THE PROBLEM
Transcribe exactly everything in the data below from the line containing "This is also" down to the line containing "18ct white gold", both lines included and nothing further.
──────────
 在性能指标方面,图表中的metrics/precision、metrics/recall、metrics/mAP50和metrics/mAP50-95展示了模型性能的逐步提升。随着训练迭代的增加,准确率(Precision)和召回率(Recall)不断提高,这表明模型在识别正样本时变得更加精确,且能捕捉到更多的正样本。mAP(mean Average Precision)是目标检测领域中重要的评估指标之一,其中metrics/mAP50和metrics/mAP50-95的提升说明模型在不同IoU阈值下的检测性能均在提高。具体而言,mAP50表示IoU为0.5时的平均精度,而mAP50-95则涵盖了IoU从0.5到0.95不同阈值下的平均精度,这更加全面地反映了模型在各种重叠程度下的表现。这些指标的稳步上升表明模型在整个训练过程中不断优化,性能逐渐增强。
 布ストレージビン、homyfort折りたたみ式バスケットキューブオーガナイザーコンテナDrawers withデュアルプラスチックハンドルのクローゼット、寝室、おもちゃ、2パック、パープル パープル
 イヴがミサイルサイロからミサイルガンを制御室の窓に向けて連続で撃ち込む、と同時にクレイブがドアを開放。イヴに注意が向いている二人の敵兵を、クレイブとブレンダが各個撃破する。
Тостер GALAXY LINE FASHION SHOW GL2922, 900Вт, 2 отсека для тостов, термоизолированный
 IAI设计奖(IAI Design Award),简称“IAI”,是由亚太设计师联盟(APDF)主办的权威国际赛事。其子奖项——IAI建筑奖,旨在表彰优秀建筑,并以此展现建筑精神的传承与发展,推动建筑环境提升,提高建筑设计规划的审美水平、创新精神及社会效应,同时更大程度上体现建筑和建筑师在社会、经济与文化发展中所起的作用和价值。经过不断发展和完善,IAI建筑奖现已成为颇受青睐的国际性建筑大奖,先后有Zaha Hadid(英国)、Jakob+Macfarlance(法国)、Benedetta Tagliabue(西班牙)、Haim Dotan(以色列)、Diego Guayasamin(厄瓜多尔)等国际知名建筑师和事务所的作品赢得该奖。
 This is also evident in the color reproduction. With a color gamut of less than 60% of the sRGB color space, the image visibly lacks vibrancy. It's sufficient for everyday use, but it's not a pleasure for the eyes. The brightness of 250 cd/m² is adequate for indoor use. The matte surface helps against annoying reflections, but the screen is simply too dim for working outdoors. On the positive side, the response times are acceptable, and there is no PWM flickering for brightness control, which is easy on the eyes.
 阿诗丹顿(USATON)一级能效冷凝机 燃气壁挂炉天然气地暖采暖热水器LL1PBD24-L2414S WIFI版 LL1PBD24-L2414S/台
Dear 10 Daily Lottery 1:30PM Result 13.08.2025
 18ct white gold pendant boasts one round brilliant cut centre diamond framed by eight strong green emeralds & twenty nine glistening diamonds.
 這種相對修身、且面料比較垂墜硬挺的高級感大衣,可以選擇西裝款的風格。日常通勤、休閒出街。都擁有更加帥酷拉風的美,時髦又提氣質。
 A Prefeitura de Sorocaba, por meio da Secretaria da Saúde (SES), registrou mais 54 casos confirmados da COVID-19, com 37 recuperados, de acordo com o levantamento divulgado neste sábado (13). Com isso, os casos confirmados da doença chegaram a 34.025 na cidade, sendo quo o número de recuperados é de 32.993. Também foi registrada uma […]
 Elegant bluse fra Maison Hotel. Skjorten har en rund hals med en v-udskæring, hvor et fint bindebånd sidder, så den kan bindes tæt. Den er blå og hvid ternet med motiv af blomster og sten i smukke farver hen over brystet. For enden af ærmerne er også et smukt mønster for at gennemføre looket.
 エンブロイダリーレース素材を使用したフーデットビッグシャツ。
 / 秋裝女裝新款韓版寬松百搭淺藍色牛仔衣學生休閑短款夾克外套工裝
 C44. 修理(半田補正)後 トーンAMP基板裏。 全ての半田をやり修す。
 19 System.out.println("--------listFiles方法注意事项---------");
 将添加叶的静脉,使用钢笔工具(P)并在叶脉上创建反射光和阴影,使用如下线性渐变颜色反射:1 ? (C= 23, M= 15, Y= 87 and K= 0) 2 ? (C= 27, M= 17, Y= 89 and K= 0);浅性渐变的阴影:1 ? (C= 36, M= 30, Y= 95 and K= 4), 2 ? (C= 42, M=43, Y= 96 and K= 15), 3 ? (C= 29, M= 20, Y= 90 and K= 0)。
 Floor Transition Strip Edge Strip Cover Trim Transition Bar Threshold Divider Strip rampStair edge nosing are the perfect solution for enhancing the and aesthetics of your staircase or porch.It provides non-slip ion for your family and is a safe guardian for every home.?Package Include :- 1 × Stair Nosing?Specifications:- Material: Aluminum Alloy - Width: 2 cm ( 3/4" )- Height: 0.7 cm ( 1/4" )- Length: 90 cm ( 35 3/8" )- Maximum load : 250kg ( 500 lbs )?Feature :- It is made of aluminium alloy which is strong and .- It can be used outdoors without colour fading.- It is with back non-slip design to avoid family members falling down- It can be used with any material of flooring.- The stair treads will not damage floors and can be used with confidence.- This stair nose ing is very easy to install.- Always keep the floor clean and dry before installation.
──────────
OUTPUT OF THE EXERCISE
 This is also evident in the color reproduction. With a color gamut of less than 60% of the sRGB color space, the image visibly lacks vibrancy. It's sufficient for everyday use, but it's not a pleasure for the eyes. The brightness of 250 cd/m² is adequate for indoor use. The matte surface helps against annoying reflections, but the screen is simply too dim for working outdoors. On the positive side, the response times are acceptable, and there is no PWM flickering for brightness control, which is easy on the eyes.
 阿诗丹顿(USATON)一级能效冷凝机 燃气壁挂炉天然气地暖采暖热水器LL1PBD24-L2414S WIFI版 LL1PBD24-L2414S/台
Dear 10 Daily Lottery 1:30PM Result 13.08.2025
 18ct white gold pendant boasts one round brilliant cut centre diamond framed by eight strong green emeralds & twenty nine glistening diamonds.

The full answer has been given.